|Question||Consider an economy in which taxes, planned investment, government spending on goods and services, and net exports are autonomous, but consumption and planned investment change as the interest rate changes. You are given the following information concerning autonomous consumption, the marginal propensity to consume, planned investment, government purchases of goods and services, and net
Exports Ca = 1,400 – 15r c = 0.5 Ip = 2,350 – 35r; G = 1,940 NX = – 200 Ta = 1,600.
(a) Compute the value of the multiplier.
(b) Derive the equation for the autonomous planned spending schedule, Ap.
(c) Derive the equation for the IS curve,
(d) Using the equation for the IS curve, calculate the equilibrium levels of income at interest rates equal to 0, 3, and 6.
(e) Using your answers to part d, calculate the slope of the IS curve,
(f) Suppose that autonomous consumption rises by $40 billion, so that Ca = 1,440 – 15r. Explain whether this increase in autonomous consumption is caused by a rise or fall in consumer confidence. Derive the new equation for the IS curve.
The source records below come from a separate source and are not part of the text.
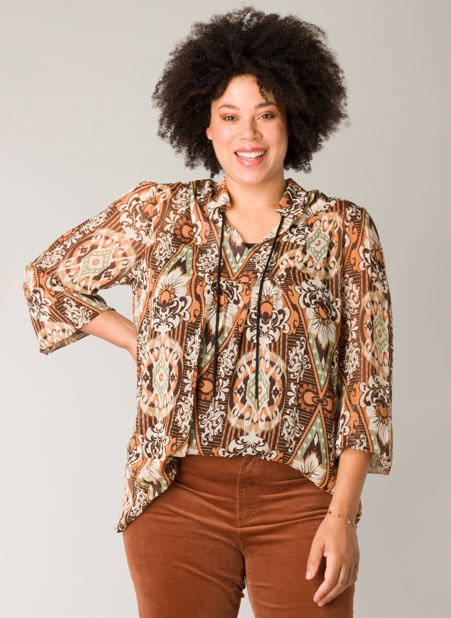 Zauberhafte Blusentunika mit edelem Muster in warmen Herbsttönen. Sie hat einen V-Ausschnitt mit Hemdkragen und unter dem leicht transparenten Stoff ist noch ein Top aus weichem Shirtstoff. Perfektes 2 in 1 Outfit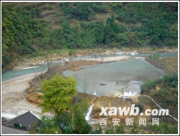 10月29日,記者在寧強縣代家壩鎮采訪時,驅車沿黑水河自東向西逆流而上,一路上看到,黑水河邊沉淀著一些廢棄的礦渣。群眾說,這都是同強礦業有限責任公司(簡稱同強公司)排放的礦渣。在距代家壩鎮約1公里處能看到位于該鎮王家灣村的同強公司,拉運礦石的卡車來回穿梭,廠區上空煙塵飛揚,生產車間里機器轟鳴聲不絕于耳。記者看到,一根水桶粗細的白色塑料管從公司后山直泄而下,渾濁的污水在沉淀庫內稍作停留后,就直接排入黑水河,河水頓時變得渾濁起來。黑水河是沿河兩岸數萬群眾的水源河。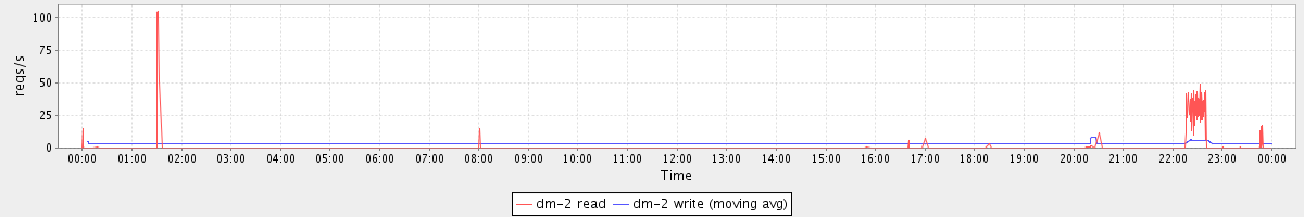 avg(dm-2 read) = 21.28 avg(dm-2 write) = 16.76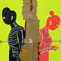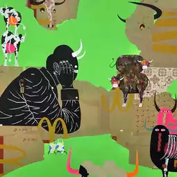 Under the artist's imaginative pen, Lao Wang with tattoos is not bound by rules at all, and everything is possible. In his world, he can infect all things and species at any time. All objects and life forms that have come into contact with him will have the iconic head shape or facial features of Lao Wang with Flower Arms, and will get along very well with him! Everyone who is infected becomes happier and more open. Everyone can shine in their own way and find the meaning of their existence.
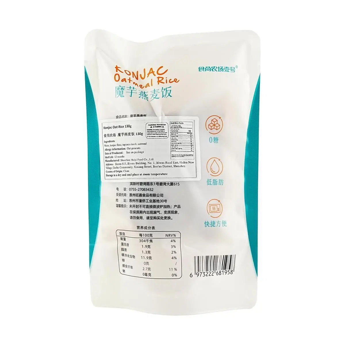 ·Konjac oat rice, only 60% the calories of white rice, effectively reduces calorie intake, ideal for healthy eating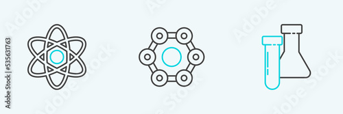 Set line Test tube and flask chemical, Atom and Chemical formula icon. Vector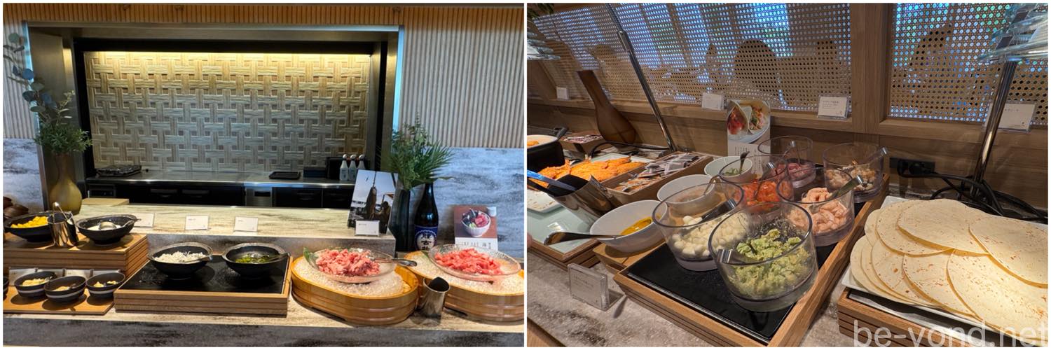 具材が自由に選べる海鮮丼や、豊富な具材のトルティーヤなどもありました。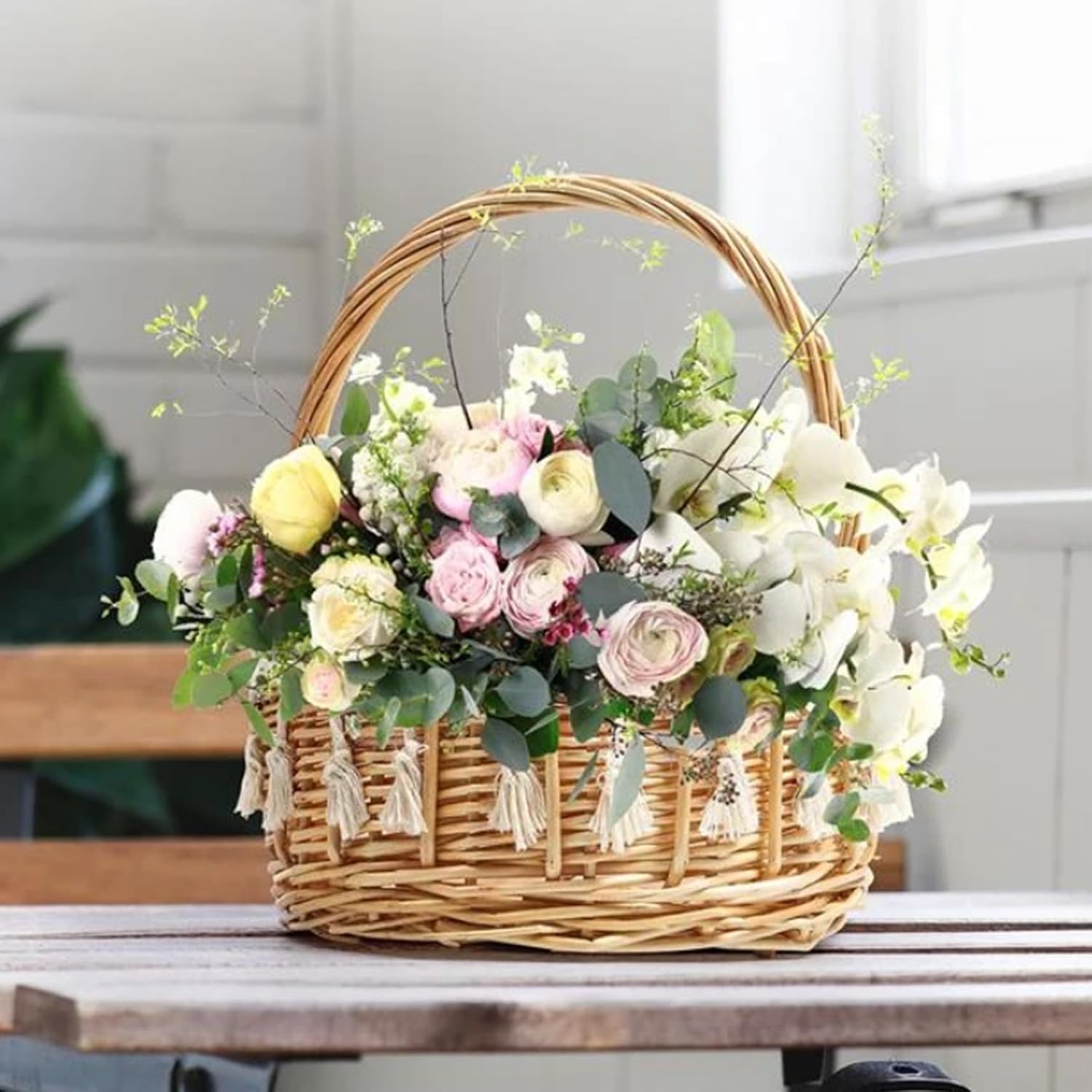 Description: Make your special day even more charming with these lovely Flower Girl Baskets! This set includes 2 woven wicker baskets, perfect for holding flowers, petals, or other small items at your wedding or Easter celebration. Each basket features tassels and a sturdy handle for easy carrying. Not just for weddings, these baskets can also be used as decorative pieces in your garden or home. The high-quality material ensures durability and long-lasting use. Give your flower girl a delightful accessory and add an elegant touch to your event with these charming Flower Girl Baskets. Features:. Flower Girl Baskets. -Color: light brown. -Material: Rattan. -Size: about 20 cm/7.87 inch.diameter, height: 25 cm/9.84 inch. Note: Manual measurement, please allow slight errors on size. The colors may exist slight difference due to different screens. Package Including 2 * flower girl baskets
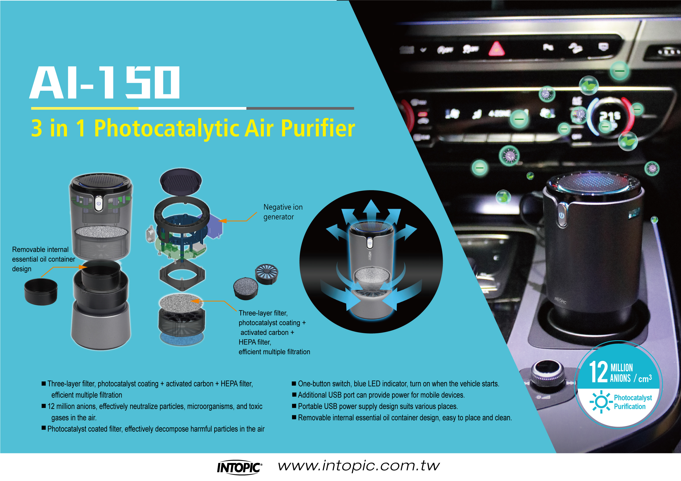 ▶12 million anions, effectively neutralize particles, microorganisms and toxic gases in the air.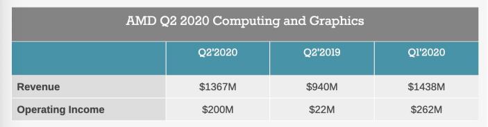 分业务看,AMD的营收重点仍然是偏个人业务的计算和图形部门,本季度整体营收13.7亿美元,相比去年同期有45%的飞跃式增长,但环比下降5%。

(g) Using the equation for the new IS curve; calculate the new equilibrium levels of income at interest rates equal to 0, 3, and 6.
(h) Using your answers to parts d and g, explain whether the IS curve shifts to the left or right when autonomous consumption rises. Explain why the horizontal shift of the IS curve equals the multiplier times the change in autonomous planned spending.